Cancer wears a personal face.
When the late columnist Lisa Pierot was diagnosed at age 37 with breast cancer, she was given a 95 percent cure rate. At the time of her the diagnosis, she was married with two daughters, owned and ran a mortgage company, lived on a beautiful island and had - as she described - the perfect life.
Two years into this positive prognosis, cancer had spread to the bone. Pierot went from being a breast cancer patient with the best chance of survival, to being a breast cancer patient with terminal cancer.
During the next nine years, she endured chemotherapy, a stem-cell transplant, hormone therapy and radiation. Both her mother and sister were diagnosed with breast cancer. Pierot sold her share of the business and left her home on the island.
Many of us walked this journey with Pierot. Soon after her diagnosis, she began writing columns for therapy - her experiences living with cancer and all the changes cancer can bring to a life. Most of those columns appeared in The Palm Beach Post and many in the Sanibel-Captiva Islander. E-mails and letters from readers became her lifeline at the end of her days.
She often wrote how her readers gave her a sense of purpose, as she faced her toughest battles: Grief over losing her mother to cancer, the knowledge that her own cancer had returned in her liver, and confronting an addiction to painkillers that strained her relationship with her daughters.
One of her columns - written after the cancer had returned and she had decided to discontinue treatment - read, in part: "And then, slowly, happiness came. It was not a kind of happiness I had experienced before. It didn't depend on what I was doing or whom I was with. I didn't need to prove anything anymore, not to myself and not to anyone else. I gave myself permission to live the rest of my life on my own terms. Finally I understood what it meant to be a survivor. The journey, at last, had brought me home. And as it turns out, home truly is where the heart is."
In early March 2006, Lisa Pierot lost her battle with cancer. While staying at her father's house, she passed away in her sleep.
Pierot was 48.
Most of us are aware of the massive efforts being put forth by any number of organizations to educate about and raise funds for breast cancer awareness and prevention.

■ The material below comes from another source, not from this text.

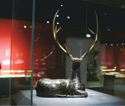昂首伫立的青铜鹿角立鹤,作为镇墓神兽,因可爱的外形成为高人气“萌物”。据介绍,楚人有“尚巫”的传统,这些古灵精怪的器物用于供奉神灵,展示了楚人非凡的想象力。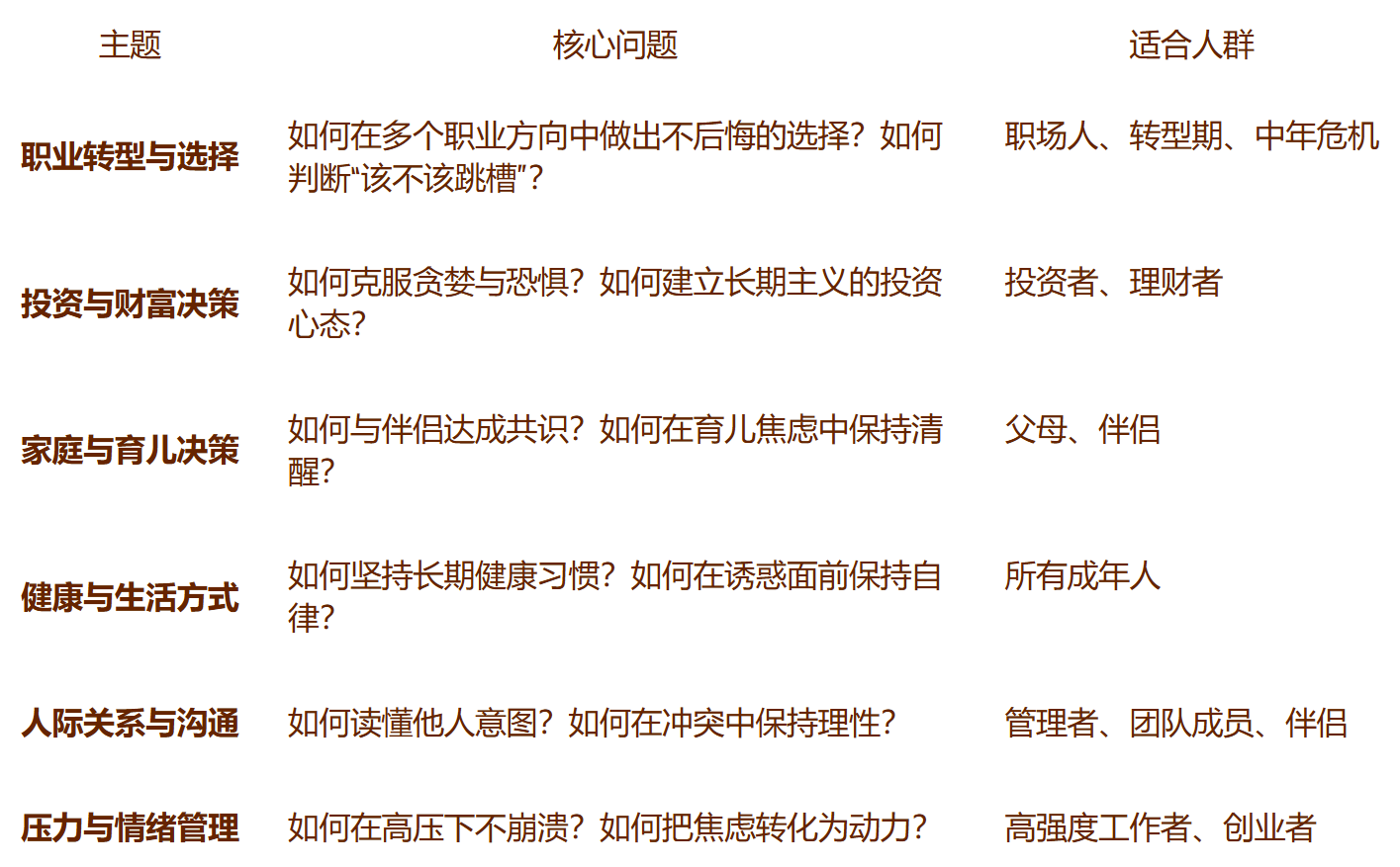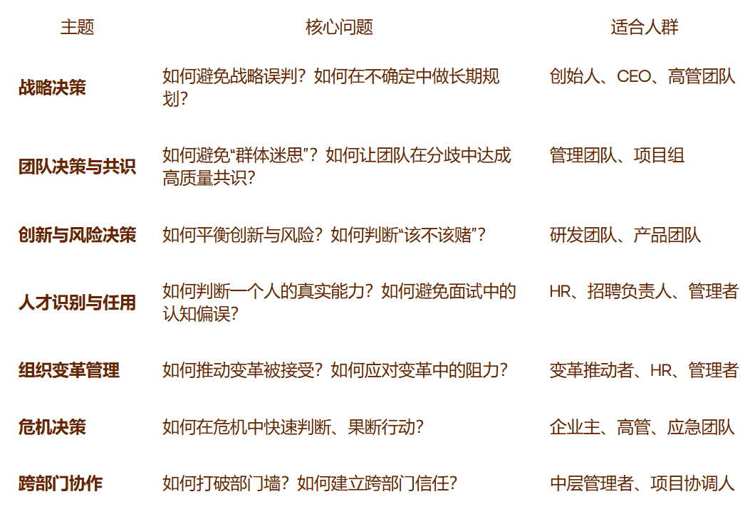 A:我们会先与企业负责人沟通,了解当前面临的具体决策挑战,然后结合我们的认知决策框架,设计针对性课程。欢迎联系我们详聊。

The Susan G. Komen Race for the Cure, for example, pulls in both men and women to its efforts - and their children. FordCares.com has involved at least one popular television program and its actors/characters - "Grey's Anatomy." Avon has, over the last 16-plus years, raised and awarded more than $585 million in 50 countries worldwide for awareness and education, screening and diagnosis, access to treatment, for support services and scientific research. And locally, Sanibel Beauty Salon offers educational and fundraising opportunities year 'round.
All of these efforts have touched women, their fathers, their husbands and their sons everywhere.
Next week, the Sanibel City Council will hold an educational session about Breast Cancer Awareness on Tuesday, Oct. 6 beginning at 8:15 a.m. in MacKenzie Hall prior to the regular meeting, where a proclamation declaring October as Breast Cancer Awareness Month will be read.
Mary Ann Loh, a volunteer who is the Education Chair for the Southwest Florida Affiliate of Susan G. Komen For the Cure, will be the guest speaker. The Sanibel resident has a Master's degree in Nursing and has spent her entire career providing health education.
This event is open to the public. All breast cancer survivors, as well as all those wishing to know more about breast cancer prevention and treatment for themselves or their loved ones, are invited to attend.
We urge all of our readers to do so.